Friday, December 17, 2010

Discovery Propellant-Loading Operation Passes Halfway Point











Shuttle Discovery's 15-story external tank is about half-full of supercold propellants as NASA presses ahead with a test aimed at pinpointing the cause of cracks in its aluminum-lithium hull.

The three-hour fuel-loading operation began on time at 7 a.m. as engineers first chilled down insulated lines that route liquid hydrogen and liquid oxygen from storage farms on either side of the shuttle launch tower to the external tank. Then engineers began slowly flowing propellant into separate liquid hydrogen and liquid oxygen vessels within the tank before transitioning to a fast-fill phase around 7:50 a.m.

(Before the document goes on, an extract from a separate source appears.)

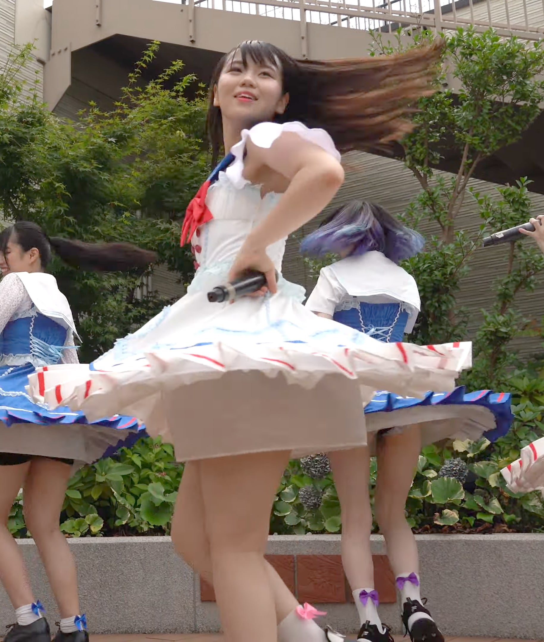 注目は画像センターの毛先が紫色のメンバー。一瞬履き忘れかと思わせるハミパン・・!?
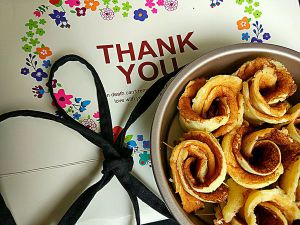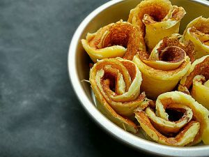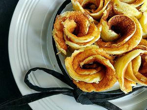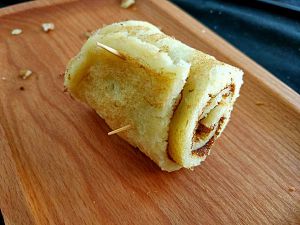 翻过面来,用筷子作为中心卷起(记得,要一层叠一层,最底下的作为中心先卷)

Alicia Mendoza, the NASA external tank/solid rocket booster manager at Kennedy Space Center, said she expects the propellant-loading part of the test to be complete on time around 10 a.m. You can watch live NASA TV coverage right here in The Flame Trench. Click the NASA TV box on the right side of the page to launch our NASA TV viewer.

The tank is outfitted with 39 strain gauges and 50 thermocouples that are being used to gather data on the contraction and expansion of the aluminum-lithium hull as well as temperatures as the tank is filled and subsequently drained.

The data will help engineers determine the cause of cracks in beams that provide structural integrity to the ribbed mid-section of the tank -- an area that links the lower liquid hydrogen and upper liquid oxygen vessels witin the tank.

Four cracks were found in two of the 21-foot-long braces after a scrubbed Nov. 5 launch attempt. A significant leak of gaseous hydrogen from an attachment plate that links a hydrogen vent line to the tank caused the scrub. The ongoing tanking test will enable engineers to determine whether repairs to that plate fixed the problem.